After his historic Triple Crown victory, American Pharoah, most beloved of horses, did yet another rare, remarkable thing.
He went to his fans and greeted them warmly, enthusiastically, almost embracing them.
This is uncommon in racing. The exhausted horses often shy from the press of well-meaning admirers. But not this hero! Not American Pharoah!
This mighty creature who, just moments earlier, had carried our hearts upon his back, had wound our hopes and imaginings through his mane, had drummed the beat of our very pulse with his flying hooves, had driven us all to glory, now came forward, brave as ever, and allowed the luckiest few to touch him.
All present surely gasped and wept as he bent his great noble head, nuzzling human hands with at least as much love as they offered to him at that moment. Kisses were exchanged, and the humans were reduced to childlike glee. And it was remarked that this American Pharoah was a good horse, a fine horse, an intelligent horse, as gentle and generous as he was strong and swift.
Why did he do this?
I like to imagine that this horse, this good and fine and intelligent horse, had come to make his victory speech to us. We had proclaimed him a hero, after all. If we could have stilled our cheers enough to hear, I imagine his words might have gone something like this:
Here is kindness, humans.
Feel it. Know it.
Kindness is my gift to you.
Not far from here, behind a curtain, my fallen brother is writhing in pain. His leg is shattered. He was mighty and dear, humans. He was beautiful. Will you go to him? Will you hold him and speak good words to him? Will you take this kindness to him?
Kindness: I think that is your word for what I am trying to say, but I am not sure.
Many of my brethren have been taken behind that curtain: beautiful souls, noble souls, spirited souls! They work, they sweat, they run until they break. The doctors come and go, come and go, and there is much stumbling and crying from horse and human alike. And finally, if the horse proves incapable of mending, the humans say that there is only one thing left to do, and kindness demands it.
What is your kindness, humans, which is so demanding?
Here is mine. You may have it; it demands nothing. We have only to stand here together and share this moment.
Do you think there could come a time, some day, when horse and human could share a moment like this, and there would be no whips, no crops, no digging-in-of-flesh to make it happen?
Could you trust yourself, you think, to be kind to me, and I to you, without giving me strange drugs?
Oh! You are crying! Dear humans, I’ve no wish to make you cry. I have come only in the name of kindness to be with you.
But in the name of kindness, could you help me?
There are brothers and sisters whom I lost along the way to meet you today. They were good horses, fine horses, noble horses, only not so fast as I. We were together once, but when I turned around to look for them, they had disappeared. Can you, very kindly, tell me where they have gone?

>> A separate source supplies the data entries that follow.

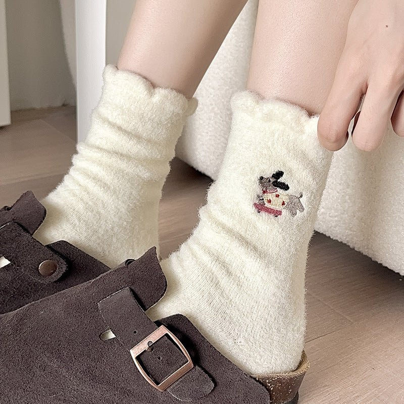 Cartoon Puppy Autumn And Winter Warm Extra Thick No Hair Shedding Snow Socks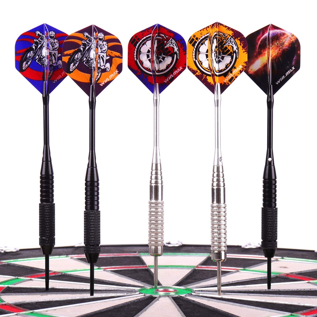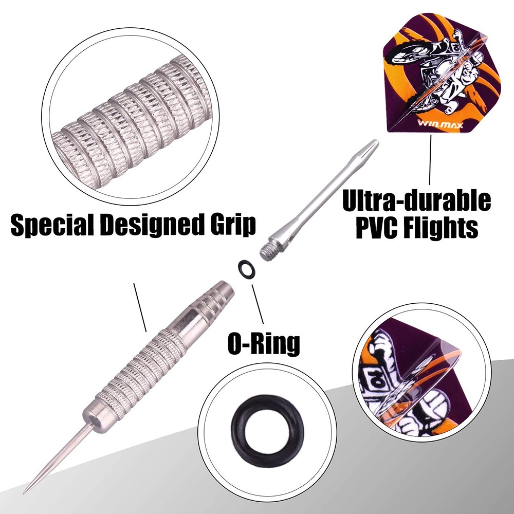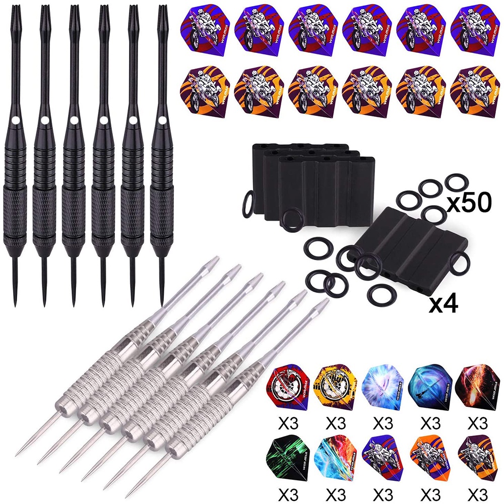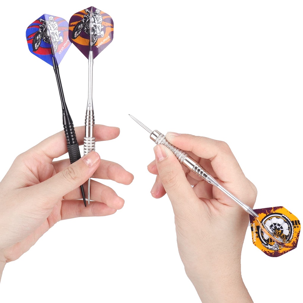 WINMAX Darts Set of 12 Steel Darts Darts 24 g Professional Steel Darts with Metal Tips Steel Darts Aluminium Shaft 30 Flights 50 Anti-Slip Rubber Rings Steel darts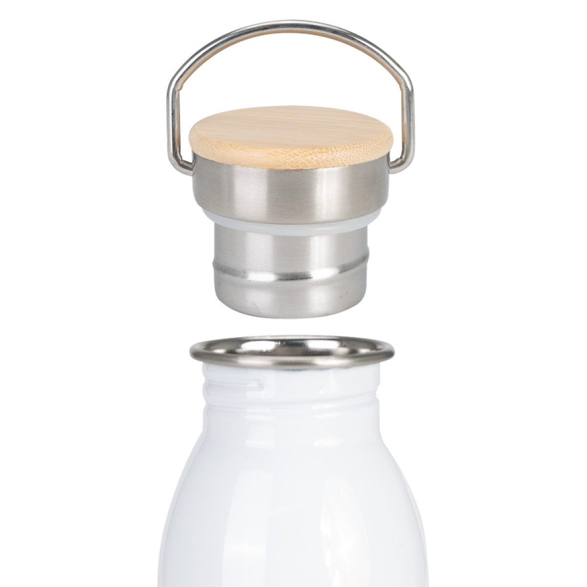 Botella blanca con cuerpo blanco para sublimación, de una sola pared de Acero inoxidable 304 SS. Producto BPA FREE, para el contacto con líquidos y alimentos. Tapa rosca de Acero inoxidable 304 SS y bamboo, con gancho de sujeción de Acero inoxidable 304 SS. Capacidad 750ml. Presentación en bolsa plástica + caja de regalo de cartón blanco. OJO: esta botella NO es térmica, se recomienda usar sólo con líquidos fríos. No llenar con lácteos o bebidas gaseosas.

Are they safe? Are they cared for? Oh, do tell me of their adventures! Tell me how they run through green fields and feel the wind course through their manes! Tell me how they roll on their backs in the sunshine, and go home in the evening to soft stalls rich with the perfume of fresh hay! Tell me of their freedom, of their happiness, of their loving homes!
Do tell me they know kindness!
Tell me they will know it, always.
Why are you crying, humans?
As I watched the magnificent head of American Pharoah bowing to caress the ecstatic humans, I could not help but cry. I wept for the generosity of this animal, for his natural friendliness, for his willingness to share in our happiness, for showing us the joy of kindness despite all we seem to get wrong.
I pray we will someday make ourselves worthy of the kindness offered.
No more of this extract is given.